Simultaneous diagonalization of Hamiltonian and momentum operator I'm looking at a translationally invariant problem with 3 atoms arranged in a circle each with one valence electron capable of tunelling to either of its two neighbors. With a tunelling rate of $-|A|/\hbar$, we have the Hamiltonian
$$H =
\begin{pmatrix}
E_a & - |A| & - |A|\\
- |A| & E_a & - |A|\\
- |A| & - |A| & E_a
\end{pmatrix}$$
which can be shifted by $+|A|$:
$$\begin{pmatrix}
E_a + |A| & 0 & 0\\
0 & E_a + |A| & 0\\
0 & 0 & E_a + |A|
\end{pmatrix}.$$
Because of translational symmetry, $p$ is a good quantum number and $[H,\hat{p}]=0$. This means that we can diagonalize $H$ as well as $\hat{p}$ simultaneously and construct momentum eigenstates out of the Hamiltonian eigenstates. How do I do this?
EDIT:
Okay so I've shifted the matrix as follows (simply $-E_a$ on the diagonal):
$$\begin{pmatrix}
0 & -|A| & -|A|\\
-|A| & 0 & -|A|\\
-|A| & -|A| & 0
\end{pmatrix}.$$
Eigenvalues are $-2|A|$ corresponding to the eigenstate (1,1,1), $|A|$ corresponding to (-1,0,1) and |A| corresponding to (-1,1,0). So $|A|$ is degenerate. Now I need to diagonalize $p$. I guess what my problem is, is that I'm not quite sure of the matrix representation of $p$ here. How do I then diagonalize it, if I can't find its matrix representation? I know each matrix element is $\langle \psi_i | p | \psi_j \rangle$, but I don't know what the wave functions look like. How do I proceed?

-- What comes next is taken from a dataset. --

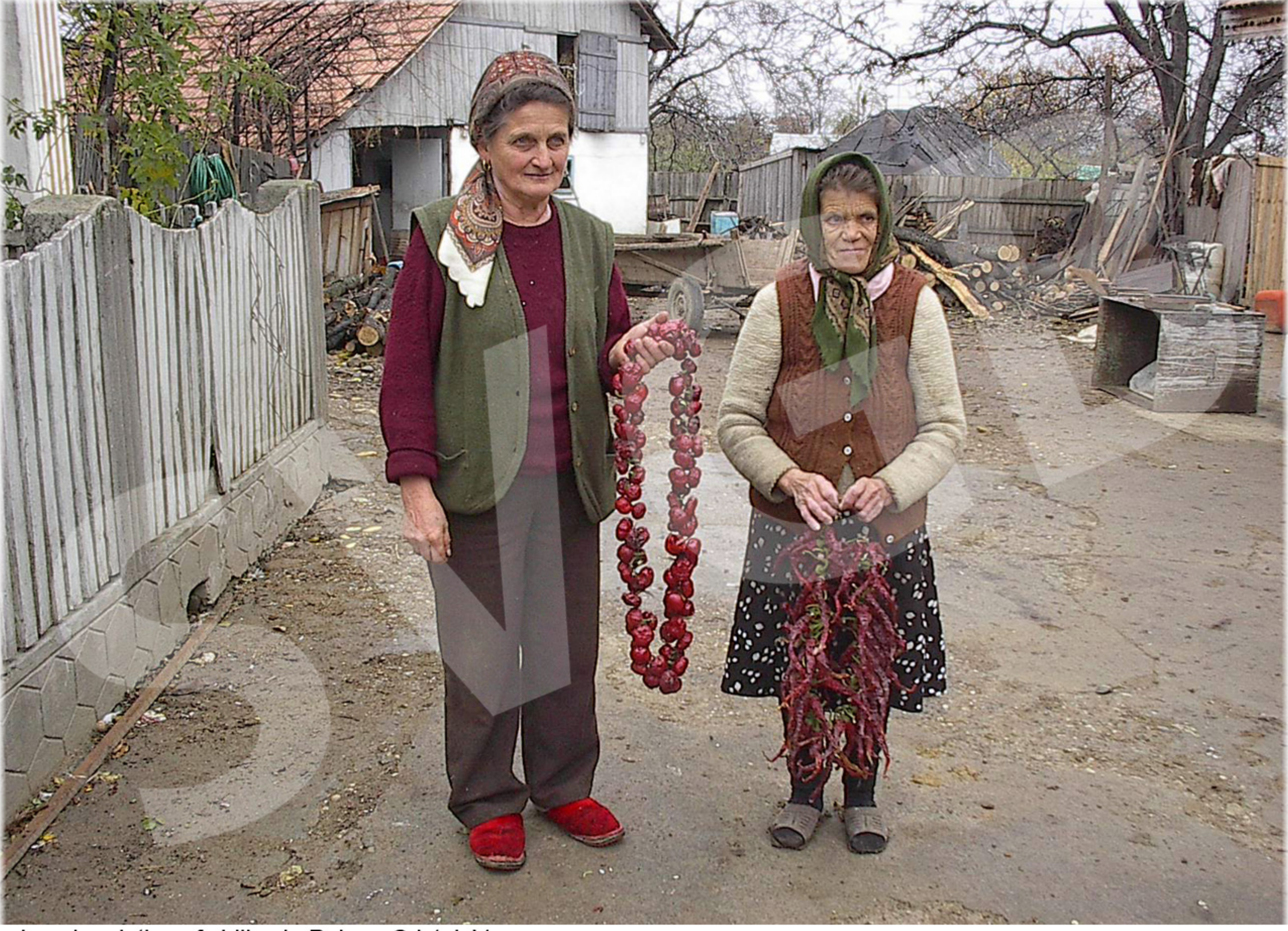
Local varieties of chilies in Poiana Cristei, Vrancea

 A: First of all, your shifting is done wrong! 
It is true that you can shift the energy around, but that implies adding a multiple of the identity matrix. In other words, you can only add/subtract stuff from the diagonal of your Hamiltonian!

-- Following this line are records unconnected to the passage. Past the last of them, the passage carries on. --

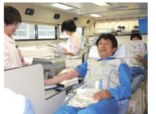
Blood donation campaign
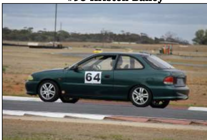
#64 Dylan Flego
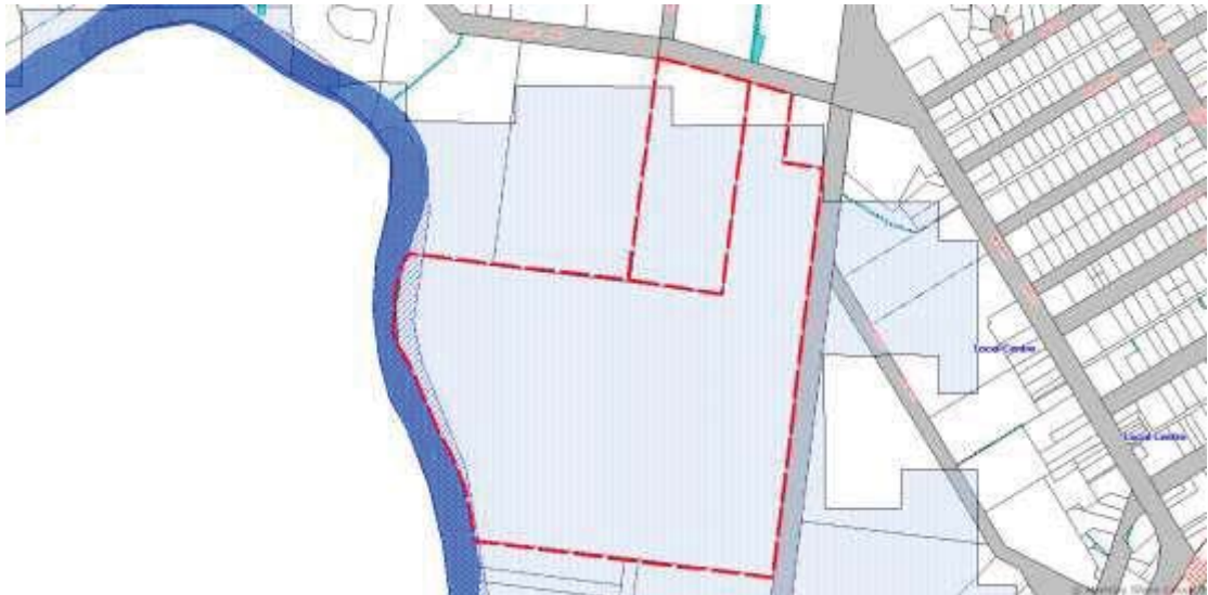
Figure 4 – ‘Watercourses’(Floodplain wetlands mapping)

So, there is no way around diagonalizing the Hamiltonian as is. That will give you eigenvalues that may or may not be degenerate. If they turn out to be not degenerate (i.e. you have 3 distinct eigenvalues), then you're done: You know that $H$ and $p$ are simultaneously diagonalizable, but that there is only one way to diagonalize $H$, so that one way must already make $p$ diagonal as well.
If the eigenvalues turn out to be degenerate, you'd then have to find a linear combination of the eigenvectors that makes $p$ diagonal. I'd try something that looks like a plain wave.
UPDATE re your EDIT:
Well, yes, you do know what the wavefunctions look like: $(1,1,1)$, $(-1, 0, 1)$ and $(-1,1,0)$. Your model is discrete (also called a tight-binding model) and so the wavefunctions are just finite-sized vectors.
So, what you really are after are eigenstates with discrete cyclic symmetry, and you can construct them from "plain waves",
$\psi_n \sim e^{i k n}$ where $n = 1,2,3$ is the number of the atom. 
The allowed "momenta" are given by the condition that we want periodic boundary conditions, i.e., site "4" would be the same as site "1", so $3k = 2\pi N$ for some integer $N$. The three lowest (in absolute value) allowed $k$-values then are $0$ and  $\pm \frac{2}{3}\pi$.
The eigenstate with $k = 0$ would just have constant amplitude on each lattice site. This is just what you found for the energy eigenvalue $-2|A|$. 
For $k = 2/3 \pi$ and $k = -2/3 \pi$ you get two vectors each for which you'd then have to find the linear combination of eigenvectors for energy eigenvalue $|A|$, which I leave as an exercise :)